───── Raw data ─────

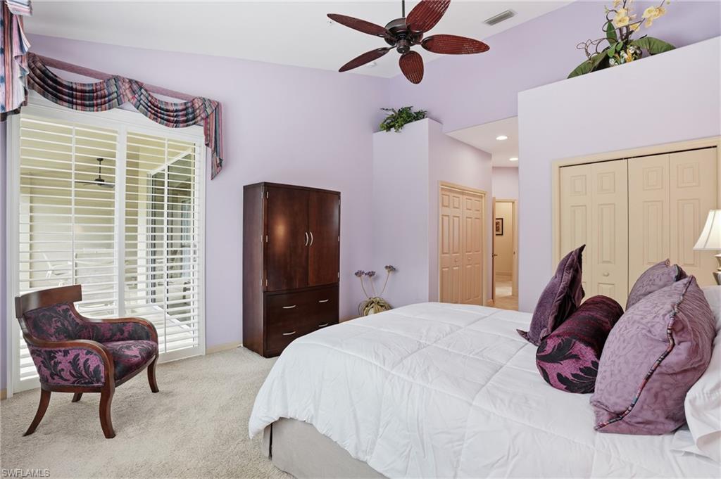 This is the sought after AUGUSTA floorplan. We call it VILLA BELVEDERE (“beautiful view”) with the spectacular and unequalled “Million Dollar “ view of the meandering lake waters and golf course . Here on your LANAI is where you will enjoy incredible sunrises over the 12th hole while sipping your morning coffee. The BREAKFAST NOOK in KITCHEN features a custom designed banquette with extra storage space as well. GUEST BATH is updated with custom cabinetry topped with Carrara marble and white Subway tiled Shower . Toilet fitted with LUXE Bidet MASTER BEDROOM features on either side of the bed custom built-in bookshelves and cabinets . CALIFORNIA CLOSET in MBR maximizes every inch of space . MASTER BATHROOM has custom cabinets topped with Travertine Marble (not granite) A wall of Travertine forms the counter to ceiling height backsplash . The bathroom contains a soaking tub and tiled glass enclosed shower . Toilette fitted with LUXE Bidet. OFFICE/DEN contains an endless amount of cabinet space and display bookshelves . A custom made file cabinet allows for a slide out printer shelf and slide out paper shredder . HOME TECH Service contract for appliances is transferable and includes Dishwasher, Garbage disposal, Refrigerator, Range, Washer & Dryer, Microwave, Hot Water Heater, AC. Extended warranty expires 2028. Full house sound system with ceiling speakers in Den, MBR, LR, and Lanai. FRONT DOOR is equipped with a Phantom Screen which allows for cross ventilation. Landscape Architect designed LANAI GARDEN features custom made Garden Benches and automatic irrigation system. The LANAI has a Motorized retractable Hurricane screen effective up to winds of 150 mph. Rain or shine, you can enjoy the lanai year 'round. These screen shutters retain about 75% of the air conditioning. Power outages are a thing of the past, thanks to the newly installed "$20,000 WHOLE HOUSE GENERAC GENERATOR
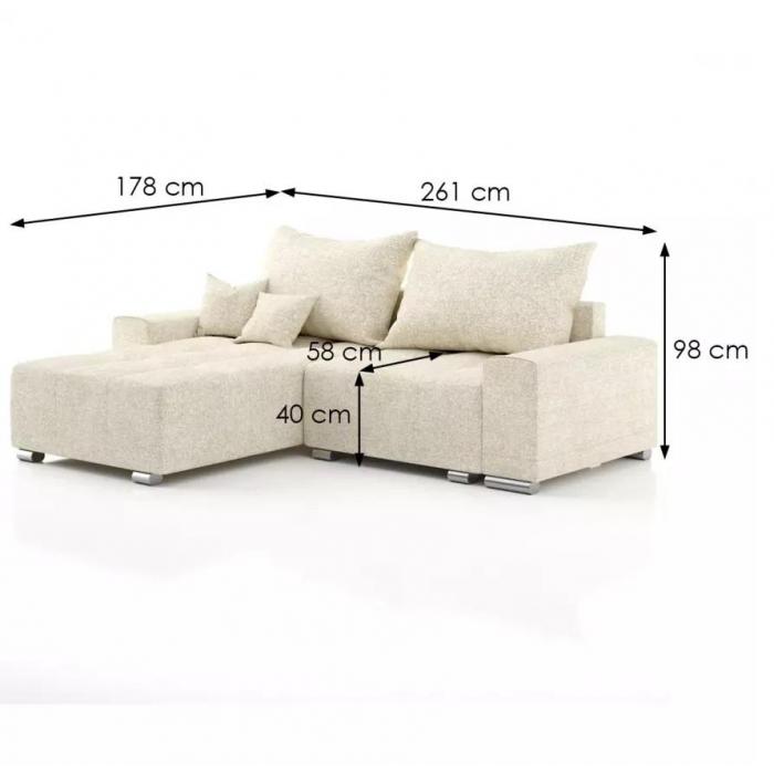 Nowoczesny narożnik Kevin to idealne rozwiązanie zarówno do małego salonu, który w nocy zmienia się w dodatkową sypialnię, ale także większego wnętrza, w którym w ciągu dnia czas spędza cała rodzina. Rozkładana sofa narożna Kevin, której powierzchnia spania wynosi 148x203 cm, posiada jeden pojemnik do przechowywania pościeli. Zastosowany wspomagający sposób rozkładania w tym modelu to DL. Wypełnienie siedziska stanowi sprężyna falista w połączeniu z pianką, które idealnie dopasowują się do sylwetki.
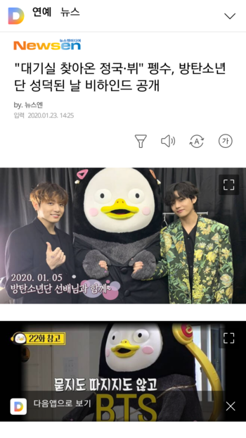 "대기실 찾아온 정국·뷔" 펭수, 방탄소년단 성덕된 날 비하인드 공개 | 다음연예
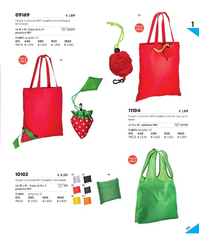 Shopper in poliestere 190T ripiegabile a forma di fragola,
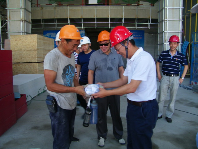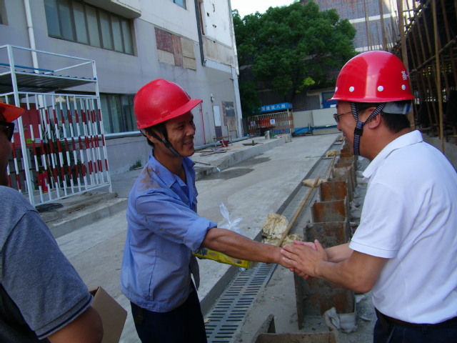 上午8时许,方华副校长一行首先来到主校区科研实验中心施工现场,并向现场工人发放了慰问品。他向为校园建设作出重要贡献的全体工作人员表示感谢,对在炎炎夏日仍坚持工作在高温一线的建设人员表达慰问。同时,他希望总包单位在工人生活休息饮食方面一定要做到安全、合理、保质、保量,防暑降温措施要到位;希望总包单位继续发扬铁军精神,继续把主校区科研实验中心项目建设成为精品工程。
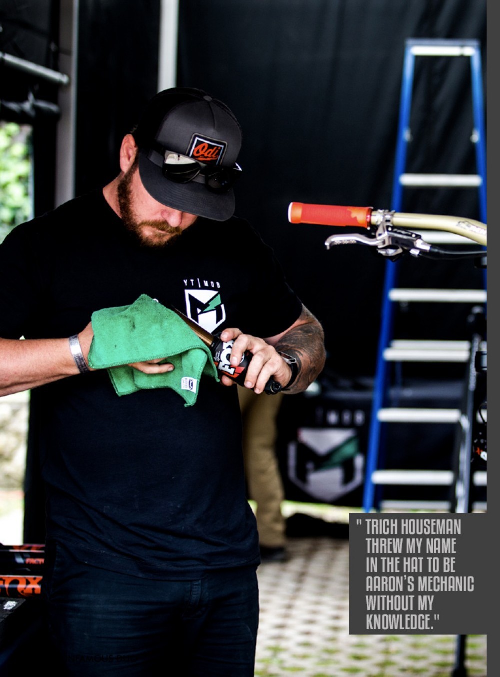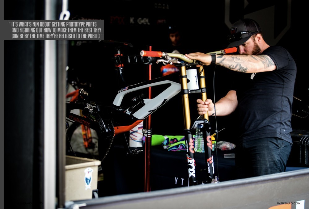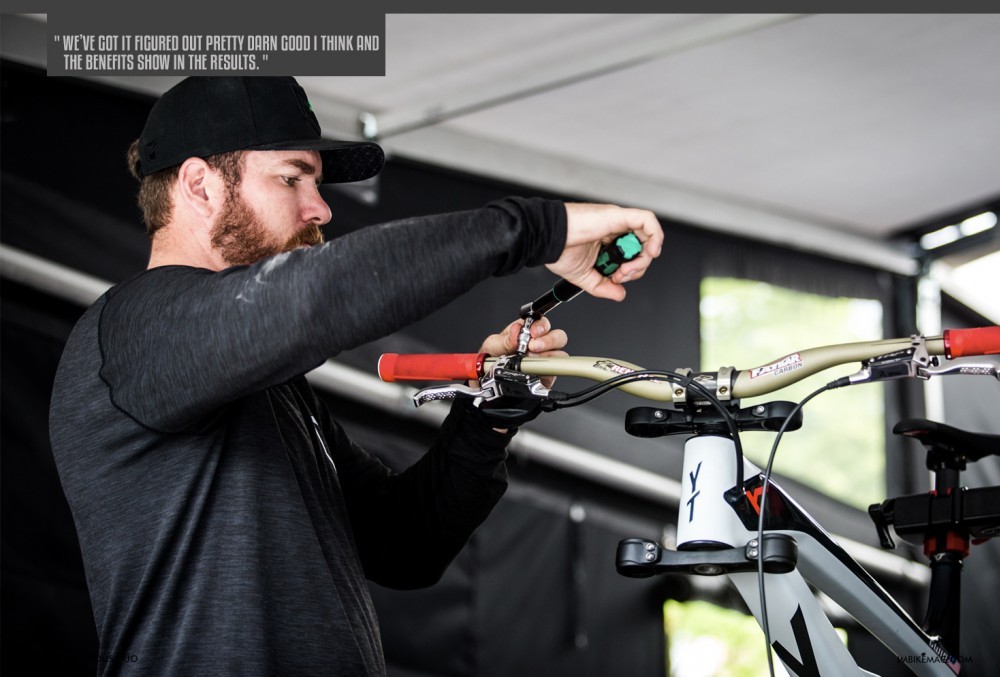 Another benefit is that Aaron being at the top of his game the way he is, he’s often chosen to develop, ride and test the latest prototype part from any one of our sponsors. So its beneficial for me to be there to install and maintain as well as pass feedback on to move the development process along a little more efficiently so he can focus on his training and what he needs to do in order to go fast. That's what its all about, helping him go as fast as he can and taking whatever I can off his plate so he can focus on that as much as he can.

─────
───── Raw data ─────

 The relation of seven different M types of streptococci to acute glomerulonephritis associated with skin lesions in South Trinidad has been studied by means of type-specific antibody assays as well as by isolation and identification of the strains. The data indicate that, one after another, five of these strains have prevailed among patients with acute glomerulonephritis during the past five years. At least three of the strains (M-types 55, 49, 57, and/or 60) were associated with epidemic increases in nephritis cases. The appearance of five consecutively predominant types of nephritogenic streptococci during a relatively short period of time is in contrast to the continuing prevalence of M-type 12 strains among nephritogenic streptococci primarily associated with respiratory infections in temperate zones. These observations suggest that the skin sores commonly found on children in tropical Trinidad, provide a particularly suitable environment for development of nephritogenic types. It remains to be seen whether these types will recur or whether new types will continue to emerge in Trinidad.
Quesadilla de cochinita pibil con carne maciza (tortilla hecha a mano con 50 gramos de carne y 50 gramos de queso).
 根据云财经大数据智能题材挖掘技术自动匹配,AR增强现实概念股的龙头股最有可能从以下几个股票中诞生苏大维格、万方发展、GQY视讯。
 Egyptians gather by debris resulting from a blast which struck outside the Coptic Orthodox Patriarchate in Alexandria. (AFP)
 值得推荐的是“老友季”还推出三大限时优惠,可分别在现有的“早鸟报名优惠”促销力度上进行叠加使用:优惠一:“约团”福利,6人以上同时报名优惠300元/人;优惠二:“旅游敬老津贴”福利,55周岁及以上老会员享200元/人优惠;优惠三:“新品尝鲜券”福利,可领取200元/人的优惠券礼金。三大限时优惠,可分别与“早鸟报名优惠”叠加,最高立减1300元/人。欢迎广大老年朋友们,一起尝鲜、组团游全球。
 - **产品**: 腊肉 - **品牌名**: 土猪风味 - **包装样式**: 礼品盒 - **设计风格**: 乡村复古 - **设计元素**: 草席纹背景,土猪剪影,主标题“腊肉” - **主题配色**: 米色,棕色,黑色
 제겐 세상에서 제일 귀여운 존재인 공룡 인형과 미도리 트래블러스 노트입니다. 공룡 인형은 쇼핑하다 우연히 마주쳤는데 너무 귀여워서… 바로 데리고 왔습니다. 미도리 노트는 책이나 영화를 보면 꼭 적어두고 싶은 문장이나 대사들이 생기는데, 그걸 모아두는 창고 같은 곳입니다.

─────
───── Raw data ─────

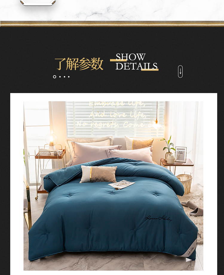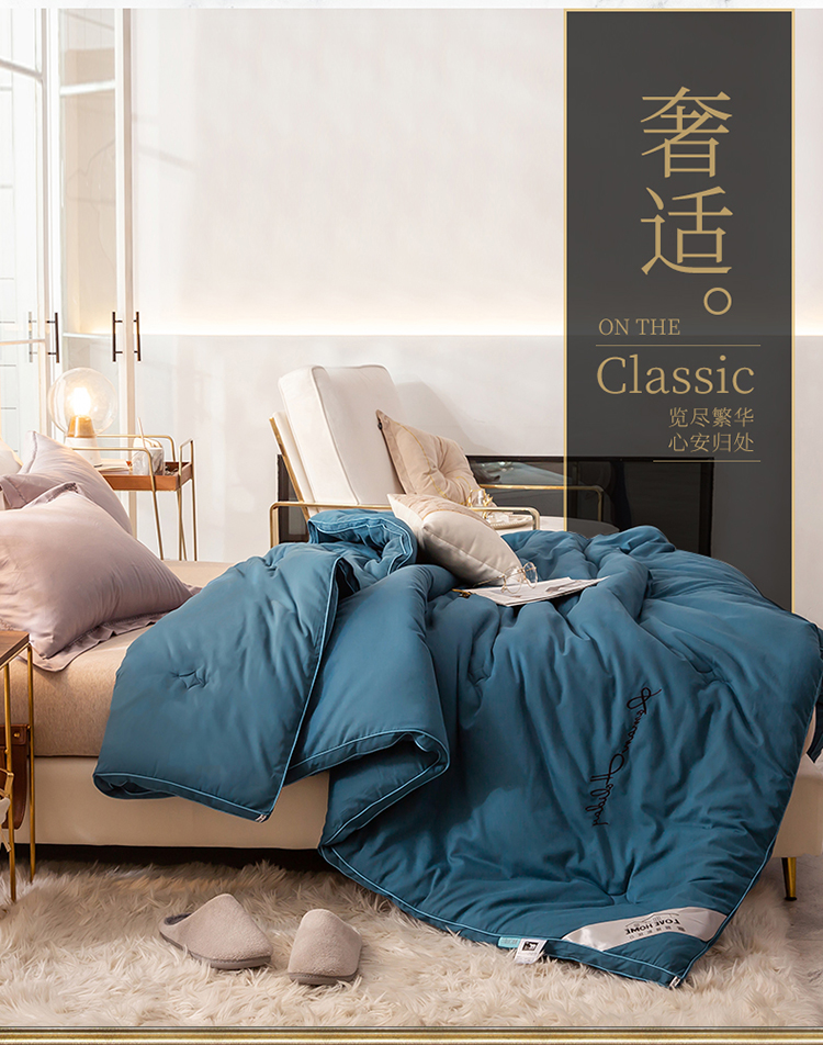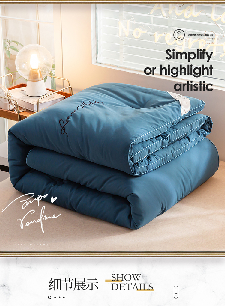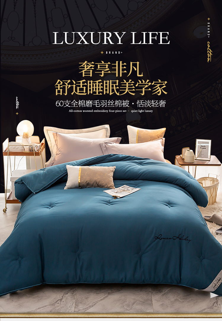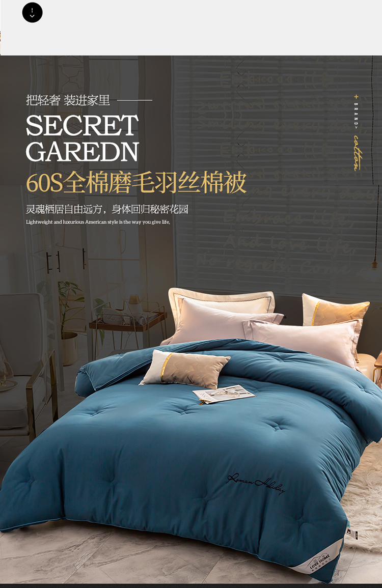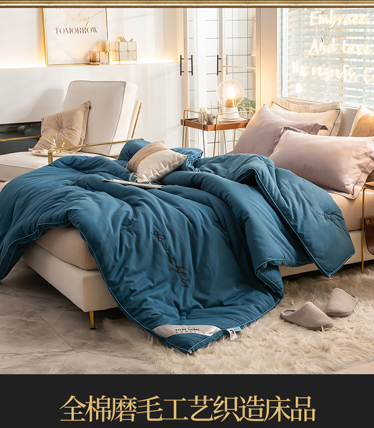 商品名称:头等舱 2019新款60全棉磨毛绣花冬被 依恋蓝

─────

Task statement:
Among the records above, locate the line containing "비하인드 공개 | 다음연예" and the line containing "Another benefit is", then transcribe exactly the lines starting at the first and ending at the second, with no pictures.

Expected output:
 "대기실 찾아온 정국·뷔" 펭수, 방탄소년단 성덕된 날 비하인드 공개 | 다음연예
 Shopper in poliestere 190T ripiegabile a forma di fragola,
 上午8时许,方华副校长一行首先来到主校区科研实验中心施工现场,并向现场工人发放了慰问品。他向为校园建设作出重要贡献的全体工作人员表示感谢,对在炎炎夏日仍坚持工作在高温一线的建设人员表达慰问。同时,他希望总包单位在工人生活休息饮食方面一定要做到安全、合理、保质、保量,防暑降温措施要到位;希望总包单位继续发扬铁军精神,继续把主校区科研实验中心项目建设成为精品工程。
 Another benefit is that Aaron being at the top of his game the way he is, he’s often chosen to develop, ride and test the latest prototype part from any one of our sponsors. So its beneficial for me to be there to install and maintain as well as pass feedback on to move the development process along a little more efficiently so he can focus on his training and what he needs to do in order to go fast. That's what its all about, helping him go as fast as he can and taking whatever I can off his plate so he can focus on that as much as he can.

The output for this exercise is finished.